> _WHAT TO PRODUCE_:
The answer must repeat every record exactly, with all pictures omitted.

Records excerpted from a collection

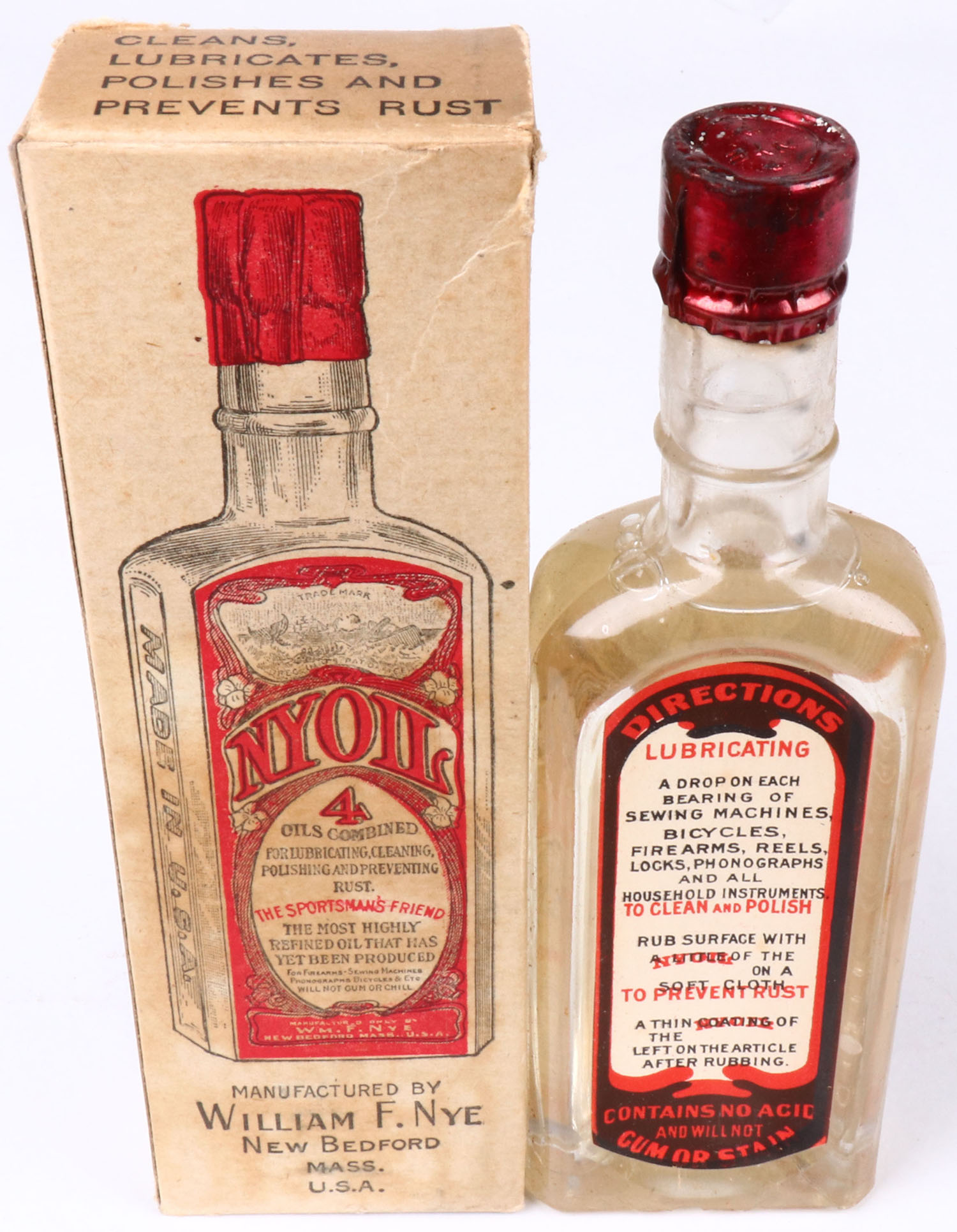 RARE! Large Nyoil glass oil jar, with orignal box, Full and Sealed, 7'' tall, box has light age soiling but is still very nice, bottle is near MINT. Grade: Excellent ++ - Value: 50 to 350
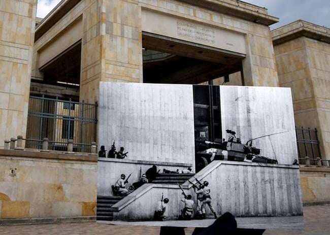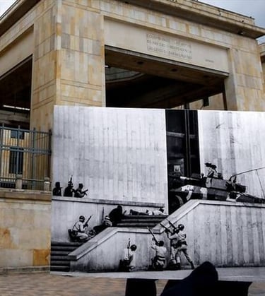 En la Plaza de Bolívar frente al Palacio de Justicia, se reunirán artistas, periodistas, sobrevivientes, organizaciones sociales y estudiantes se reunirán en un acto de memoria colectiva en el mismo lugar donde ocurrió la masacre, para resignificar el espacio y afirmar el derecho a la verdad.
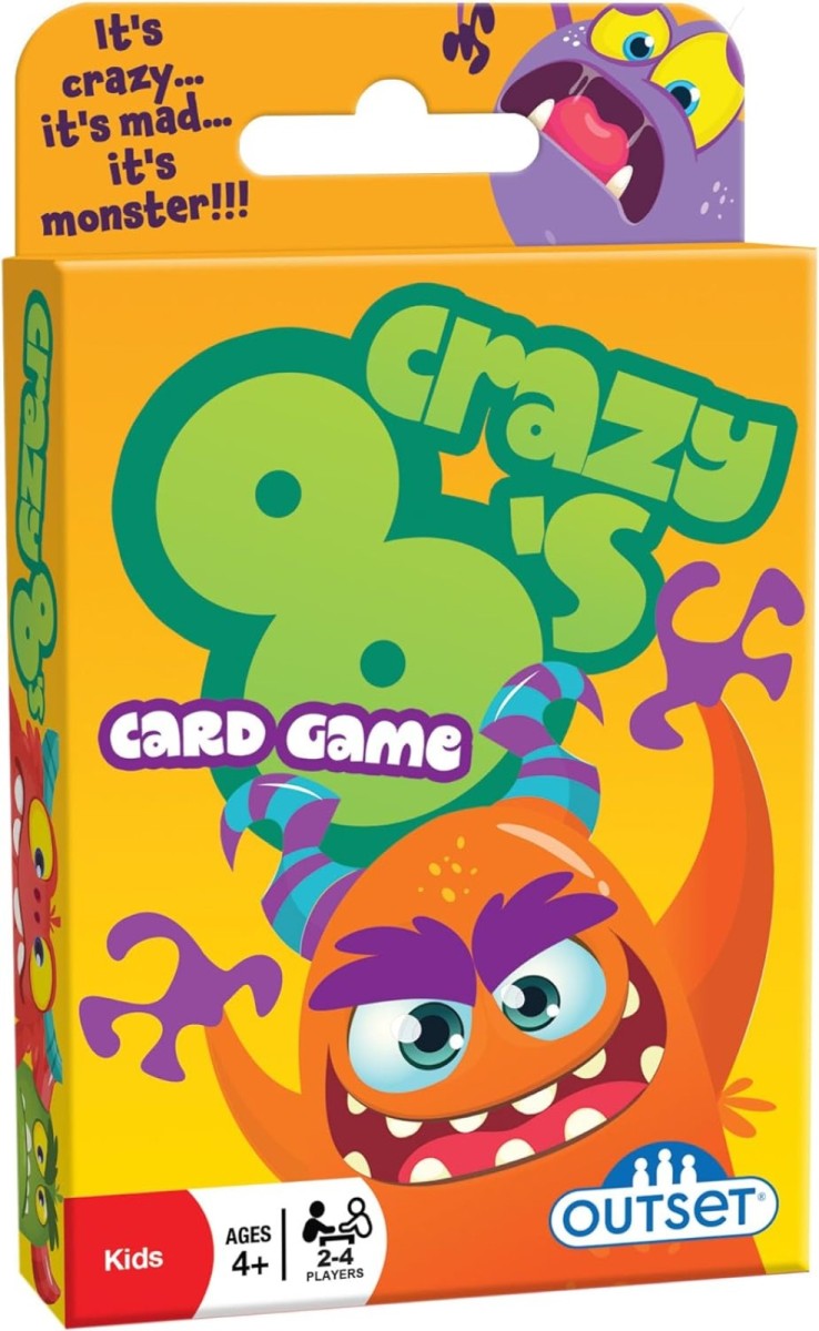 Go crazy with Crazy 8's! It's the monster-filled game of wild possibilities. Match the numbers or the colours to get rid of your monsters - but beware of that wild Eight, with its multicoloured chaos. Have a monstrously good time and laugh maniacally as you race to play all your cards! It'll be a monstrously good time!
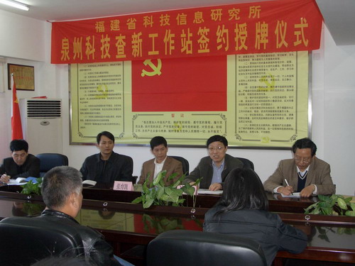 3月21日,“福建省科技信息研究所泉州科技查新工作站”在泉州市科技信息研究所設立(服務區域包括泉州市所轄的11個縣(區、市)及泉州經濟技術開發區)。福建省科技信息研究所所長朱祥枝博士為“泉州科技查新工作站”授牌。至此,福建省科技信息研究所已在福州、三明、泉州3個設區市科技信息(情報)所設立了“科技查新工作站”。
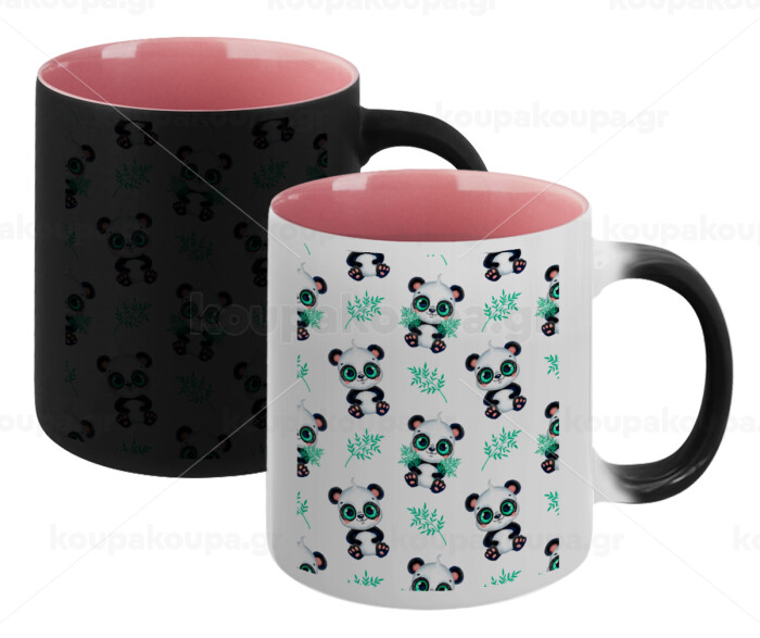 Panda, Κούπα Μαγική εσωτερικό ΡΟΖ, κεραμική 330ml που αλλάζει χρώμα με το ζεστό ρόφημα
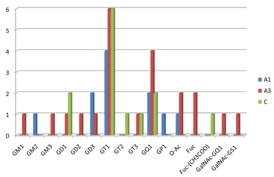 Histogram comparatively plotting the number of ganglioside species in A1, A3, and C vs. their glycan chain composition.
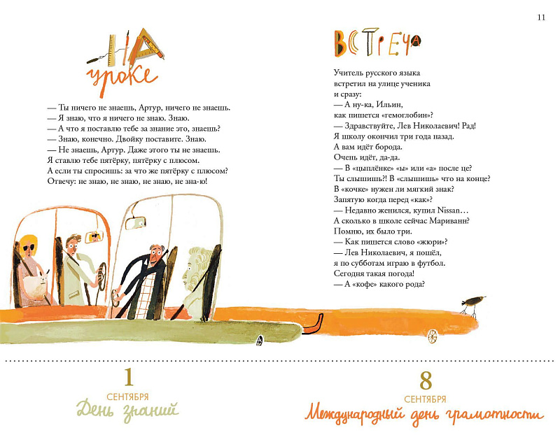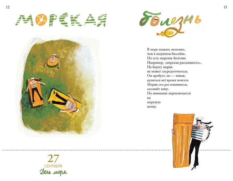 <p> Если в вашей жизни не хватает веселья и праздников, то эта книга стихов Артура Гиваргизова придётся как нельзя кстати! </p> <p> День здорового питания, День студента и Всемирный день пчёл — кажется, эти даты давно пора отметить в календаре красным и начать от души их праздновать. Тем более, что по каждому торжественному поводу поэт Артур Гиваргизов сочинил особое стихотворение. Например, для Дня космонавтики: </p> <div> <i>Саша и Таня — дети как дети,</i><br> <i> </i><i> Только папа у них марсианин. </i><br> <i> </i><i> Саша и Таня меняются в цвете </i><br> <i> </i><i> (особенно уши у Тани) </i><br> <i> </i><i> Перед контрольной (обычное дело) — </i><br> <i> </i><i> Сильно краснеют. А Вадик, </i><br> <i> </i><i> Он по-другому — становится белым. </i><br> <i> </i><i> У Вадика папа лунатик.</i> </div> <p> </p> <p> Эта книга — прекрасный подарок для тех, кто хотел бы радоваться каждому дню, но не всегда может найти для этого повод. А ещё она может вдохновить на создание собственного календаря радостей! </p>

> _EXPECTED ANSWER_:
 RARE! Large Nyoil glass oil jar, with orignal box, Full and Sealed, 7'' tall, box has light age soiling but is still very nice, bottle is near MINT. Grade: Excellent ++ - Value: 50 to 350
 En la Plaza de Bolívar frente al Palacio de Justicia, se reunirán artistas, periodistas, sobrevivientes, organizaciones sociales y estudiantes se reunirán en un acto de memoria colectiva en el mismo lugar donde ocurrió la masacre, para resignificar el espacio y afirmar el derecho a la verdad.
 Go crazy with Crazy 8's! It's the monster-filled game of wild possibilities. Match the numbers or the colours to get rid of your monsters - but beware of that wild Eight, with its multicoloured chaos. Have a monstrously good time and laugh maniacally as you race to play all your cards! It'll be a monstrously good time!
 3月21日,“福建省科技信息研究所泉州科技查新工作站”在泉州市科技信息研究所設立(服務區域包括泉州市所轄的11個縣(區、市)及泉州經濟技術開發區)。福建省科技信息研究所所長朱祥枝博士為“泉州科技查新工作站”授牌。至此,福建省科技信息研究所已在福州、三明、泉州3個設區市科技信息(情報)所設立了“科技查新工作站”。
 Panda, Κούπα Μαγική εσωτερικό ΡΟΖ, κεραμική 330ml που αλλάζει χρώμα με το ζεστό ρόφημα
 Histogram comparatively plotting the number of ganglioside species in A1, A3, and C vs. their glycan chain composition.
 <p> Если в вашей жизни не хватает веселья и праздников, то эта книга стихов Артура Гиваргизова придётся как нельзя кстати! </p> <p> День здорового питания, День студента и Всемирный день пчёл — кажется, эти даты давно пора отметить в календаре красным и начать от души их праздновать. Тем более, что по каждому торжественному поводу поэт Артур Гиваргизов сочинил особое стихотворение. Например, для Дня космонавтики: </p> <div> <i>Саша и Таня — дети как дети,</i><br> <i> </i><i> Только папа у них марсианин. </i><br> <i> </i><i> Саша и Таня меняются в цвете </i><br> <i> </i><i> (особенно уши у Тани) </i><br> <i> </i><i> Перед контрольной (обычное дело) — </i><br> <i> </i><i> Сильно краснеют. А Вадик, </i><br> <i> </i><i> Он по-другому — становится белым. </i><br> <i> </i><i> У Вадика папа лунатик.</i> </div> <p> </p> <p> Эта книга — прекрасный подарок для тех, кто хотел бы радоваться каждому дню, но не всегда может найти для этого повод. А ещё она может вдохновить на создание собственного календаря радостей! </p>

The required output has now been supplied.